I looked round. ‘Well, if it isn’t Detective Chief Inspector Kamsky. You don’t need to interview me again, do you?’

We walked out into the back garden together. I took him to my vegetable patch and pointed. ‘Broad beans, runner beans, potatoes,’ I said. ‘Those ones there are asparagus, but it takes two years to grow, so I doubt if any of us will be eating it. I’m moving out, you know.’

‘You’ll need to inform us of your –’

‘Yeah, yeah,’ I said. ‘I won’t run away. I’m going to stay with my friend Saul, not far from here.’

Kamsky didn’t reply. He seemed preoccupied with things he couldn’t say.

‘When will this be over?’ I asked.

‘All I can say is what I tell the team, and that is…’

But I never did find out what he told the team, for at that moment a police officer came walking across the grass towards us and Kamsky stepped away from me. The officer said something, and I saw Kamsky’s face become expressionless. A feeling of absolute foreboding descended on me.

‘Don’t let anyone else in,’ I heard him say, as the officer turned away. Then he looked back at me. ‘You’ll have to excuse me,’ he said, with a curious little bow, as if he was deserting me on a polished dance-floor.

‘What is it? Have they found something?’

‘Yes,’ he said. ‘They have.’

Chapter Twenty-three

From that moment everything changed. Suddenly I was shut on the outside looking in, not able to see. I asked Kamsky what had happened, what had been found, but he shook his head. He was an impersonal official now, estranged from me. He said it was part of an ongoing investigation and he couldn’t reveal any details. I said I didn’t understand. Were they going to arrest somebody? We were still standing out there in the garden, by my doomed vegetable patch. Kamsky started to speak, then hesitated, then spoke again. ‘I think it’s likely that charges are imminent,’ he said.

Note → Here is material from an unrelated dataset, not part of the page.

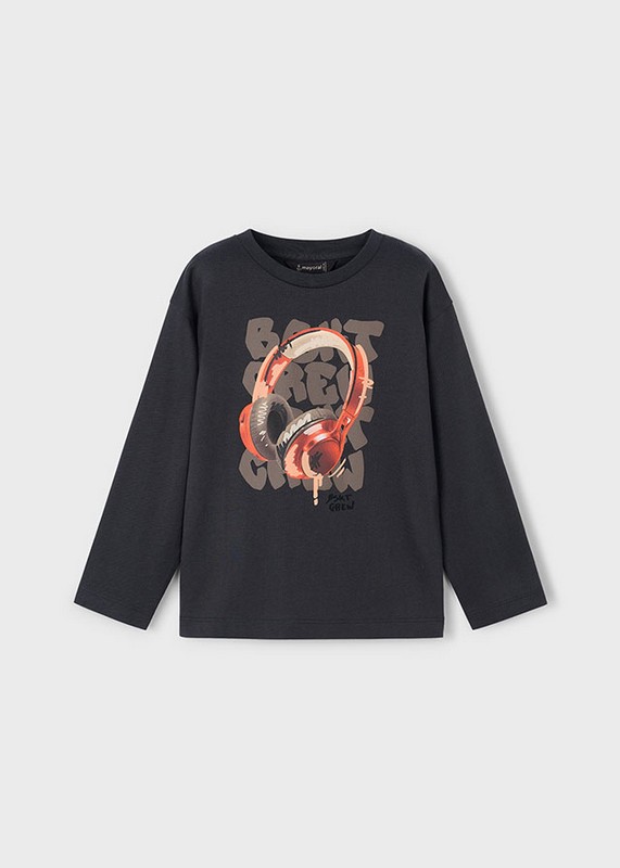 Mayoral for older boys darl grey, long sleeved cotton top with large headphones design on the front with hints of orange and beige tones.
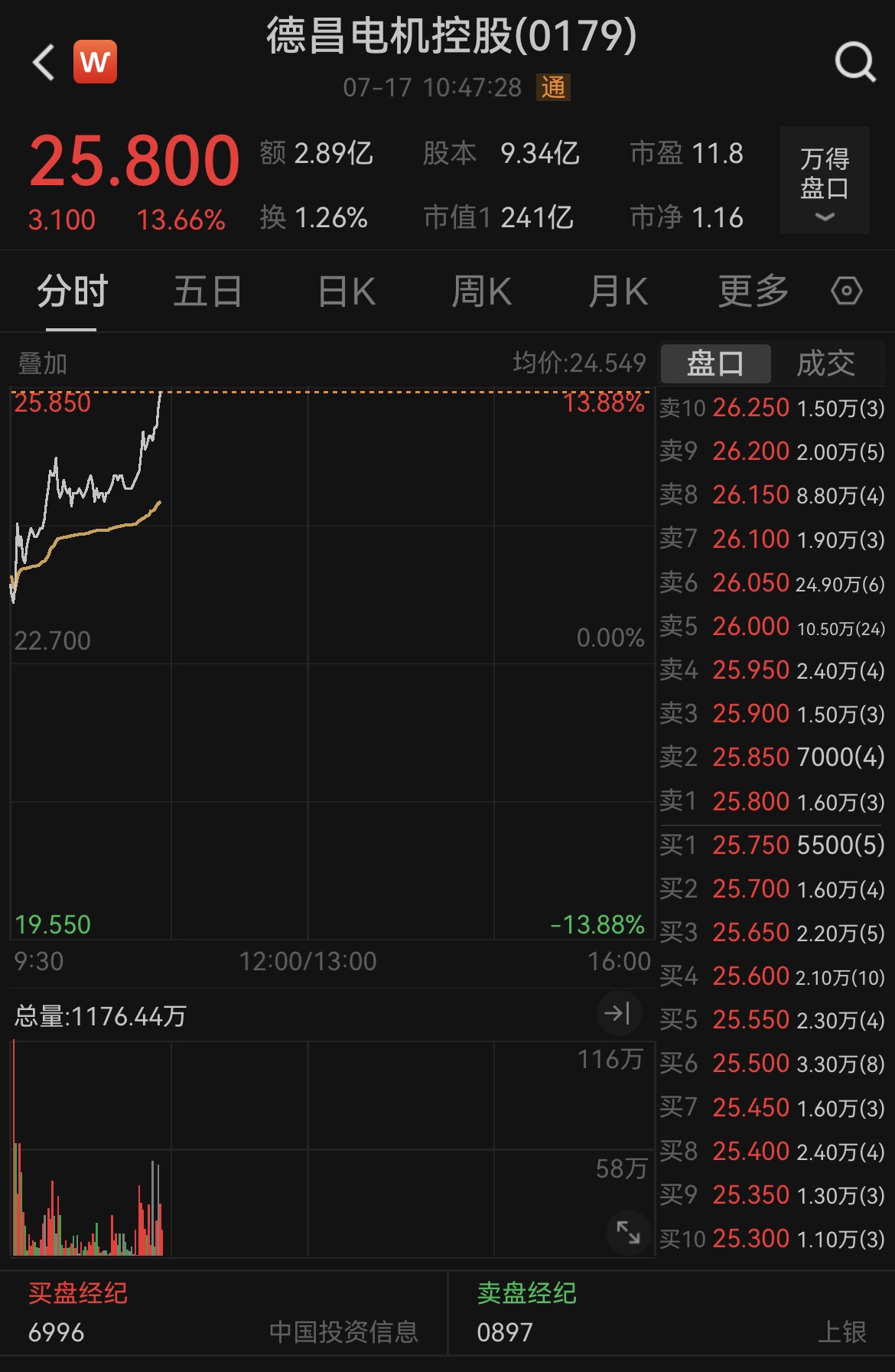 【大河财立方 见习记者 郑棋文】7月17日,德昌电机控股涨超13%,截至发稿,涨13.66%,报25.8港元,成交额2.83亿港元。

‘Who?’ I said. ‘Who’s being charged?’

‘We’ll see,’ he said, then nodded. ‘Come with me.’

Then things happened quickly. A process was under way and we, the residents of seventy-two Maitland Road, were swept along helplessly in it. The house wasn’t ours any more. It had changed even in the time that Kamsky and I had been in the garden. It looked like the site of a sinister biological accident. People were wandering around in white coats with their shoes wrapped in white nylon bags. The rooms on the ground floor were being sealed off with tape.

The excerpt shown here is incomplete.